■ PROBLEM TO SOLVE
Everything in the listing except the pictures should be written out exactly.

■ PROVIDED MATERIAL
───
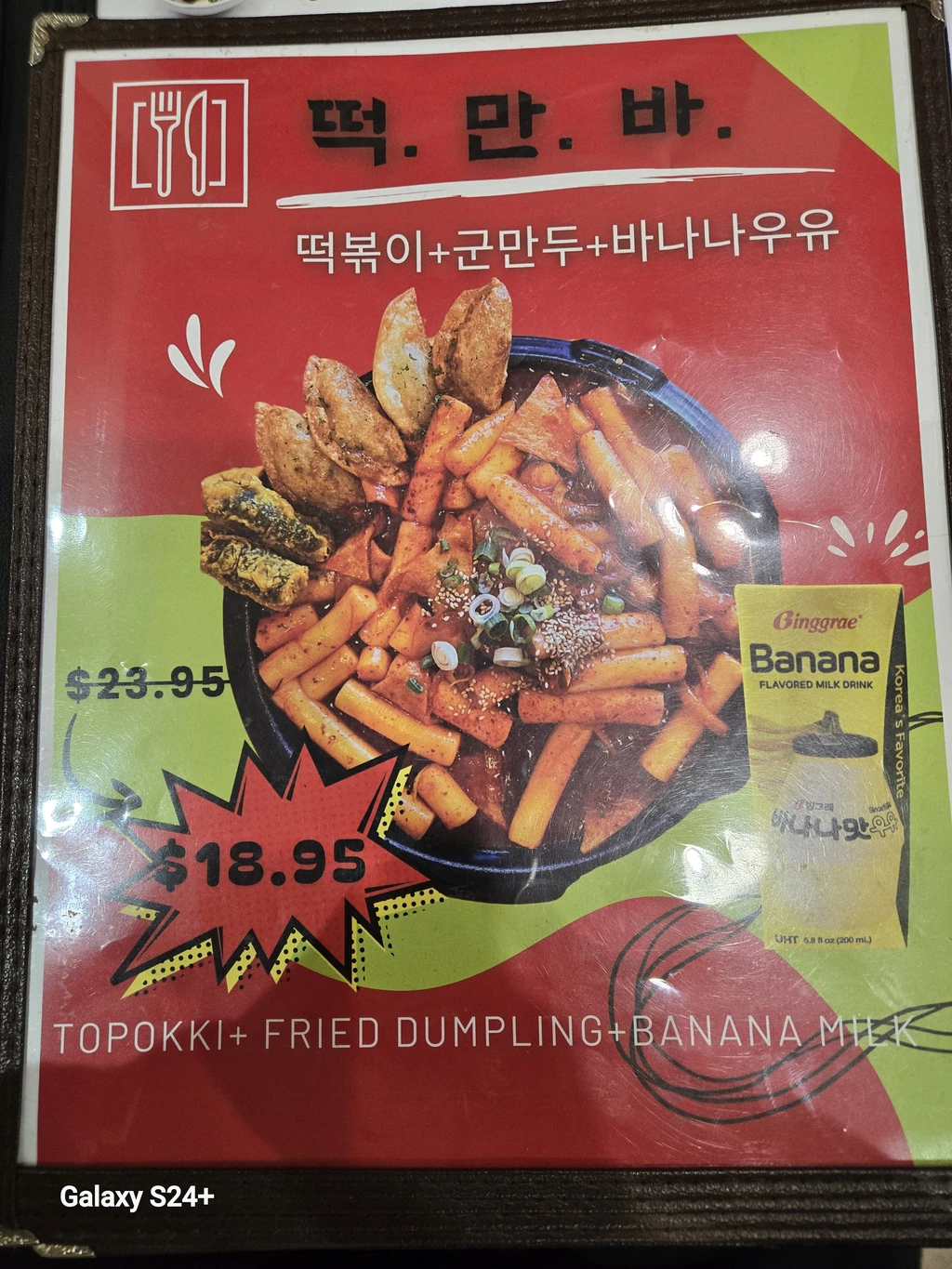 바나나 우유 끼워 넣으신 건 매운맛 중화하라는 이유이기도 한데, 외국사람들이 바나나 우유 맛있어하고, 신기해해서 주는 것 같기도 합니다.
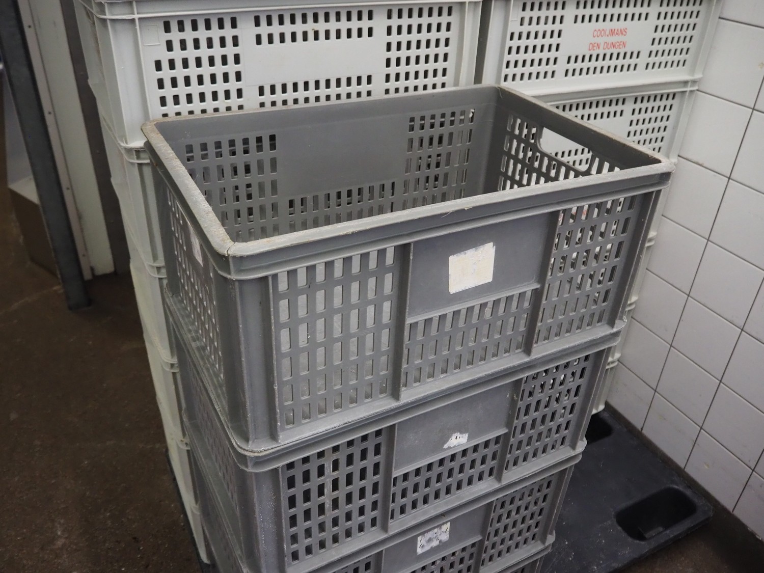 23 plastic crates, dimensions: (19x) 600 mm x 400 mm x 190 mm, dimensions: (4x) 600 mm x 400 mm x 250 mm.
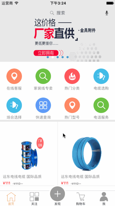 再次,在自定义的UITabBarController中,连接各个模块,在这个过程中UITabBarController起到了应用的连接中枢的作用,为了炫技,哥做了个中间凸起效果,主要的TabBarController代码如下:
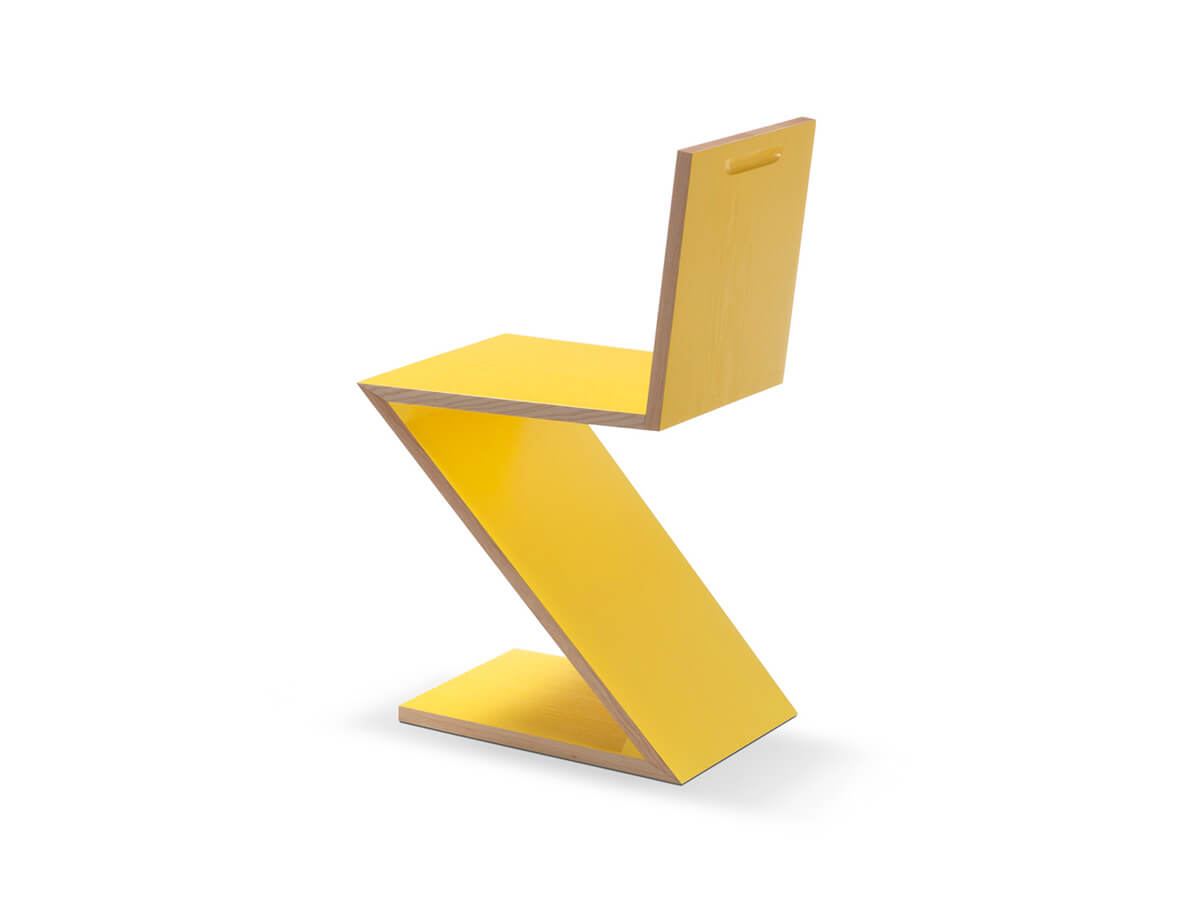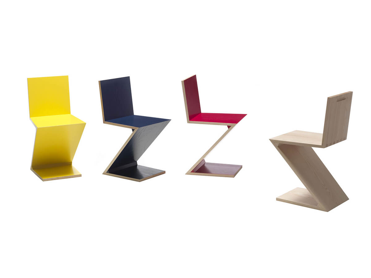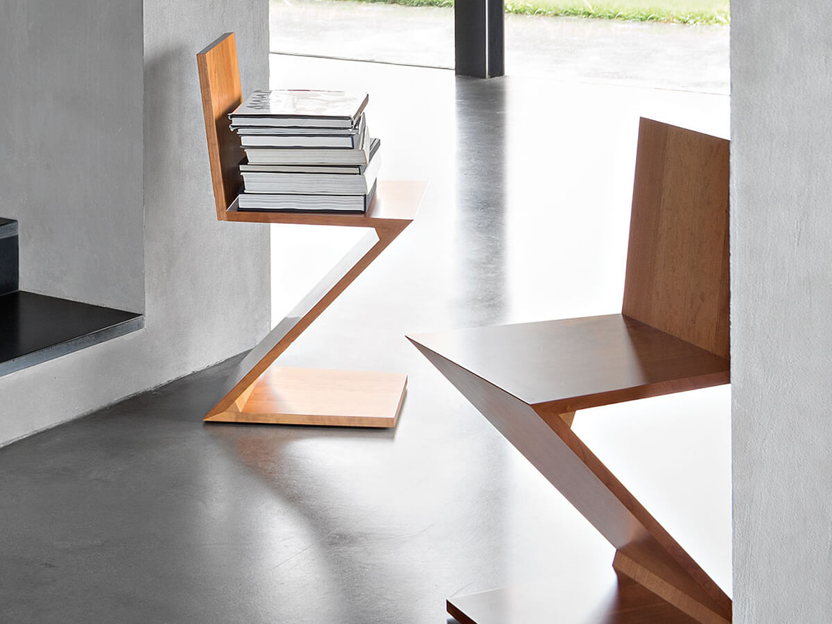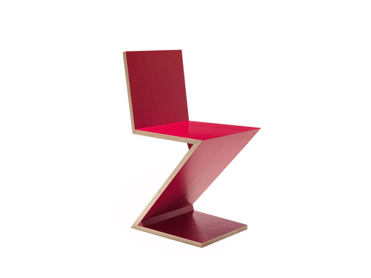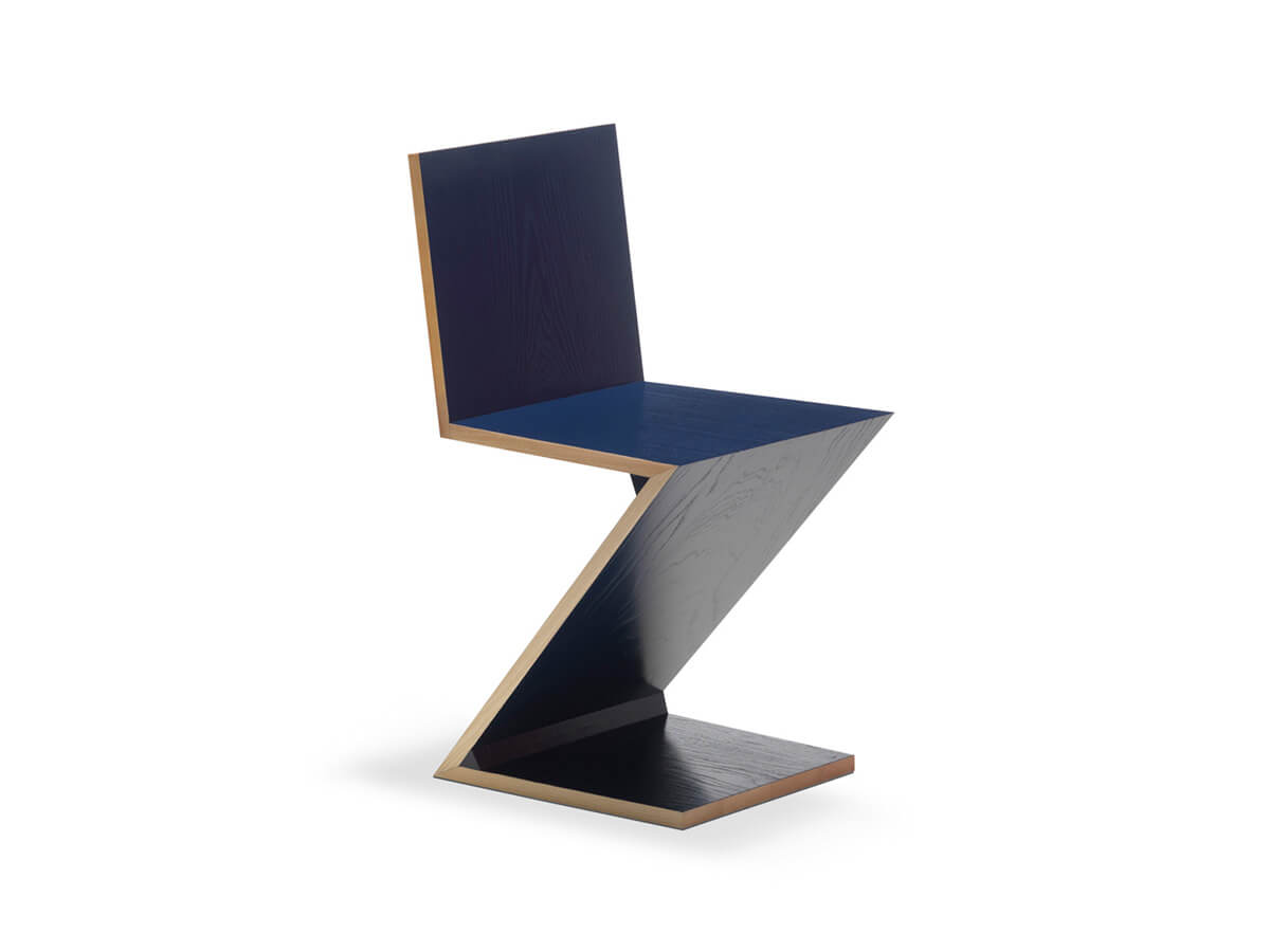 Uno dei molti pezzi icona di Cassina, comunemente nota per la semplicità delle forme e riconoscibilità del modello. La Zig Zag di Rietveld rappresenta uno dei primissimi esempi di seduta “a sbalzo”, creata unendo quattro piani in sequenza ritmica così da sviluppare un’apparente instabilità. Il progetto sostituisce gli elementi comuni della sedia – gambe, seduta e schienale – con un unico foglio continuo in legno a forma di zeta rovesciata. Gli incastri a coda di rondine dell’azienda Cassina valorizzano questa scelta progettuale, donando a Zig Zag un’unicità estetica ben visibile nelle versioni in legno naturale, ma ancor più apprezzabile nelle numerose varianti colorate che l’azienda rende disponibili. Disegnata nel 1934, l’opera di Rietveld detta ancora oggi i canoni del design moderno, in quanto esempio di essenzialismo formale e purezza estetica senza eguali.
───
■ ANSWER BELOW
 바나나 우유 끼워 넣으신 건 매운맛 중화하라는 이유이기도 한데, 외국사람들이 바나나 우유 맛있어하고, 신기해해서 주는 것 같기도 합니다.
 23 plastic crates, dimensions: (19x) 600 mm x 400 mm x 190 mm, dimensions: (4x) 600 mm x 400 mm x 250 mm.
 再次,在自定义的UITabBarController中,连接各个模块,在这个过程中UITabBarController起到了应用的连接中枢的作用,为了炫技,哥做了个中间凸起效果,主要的TabBarController代码如下:
 Uno dei molti pezzi icona di Cassina, comunemente nota per la semplicità delle forme e riconoscibilità del modello. La Zig Zag di Rietveld rappresenta uno dei primissimi esempi di seduta “a sbalzo”, creata unendo quattro piani in sequenza ritmica così da sviluppare un’apparente instabilità. Il progetto sostituisce gli elementi comuni della sedia – gambe, seduta e schienale – con un unico foglio continuo in legno a forma di zeta rovesciata. Gli incastri a coda di rondine dell’azienda Cassina valorizzano questa scelta progettuale, donando a Zig Zag un’unicità estetica ben visibile nelle versioni in legno naturale, ma ancor più apprezzabile nelle numerose varianti colorate che l’azienda rende disponibili. Disegnata nel 1934, l’opera di Rietveld detta ancora oggi i canoni del design moderno, in quanto esempio di essenzialismo formale e purezza estetica senza eguali.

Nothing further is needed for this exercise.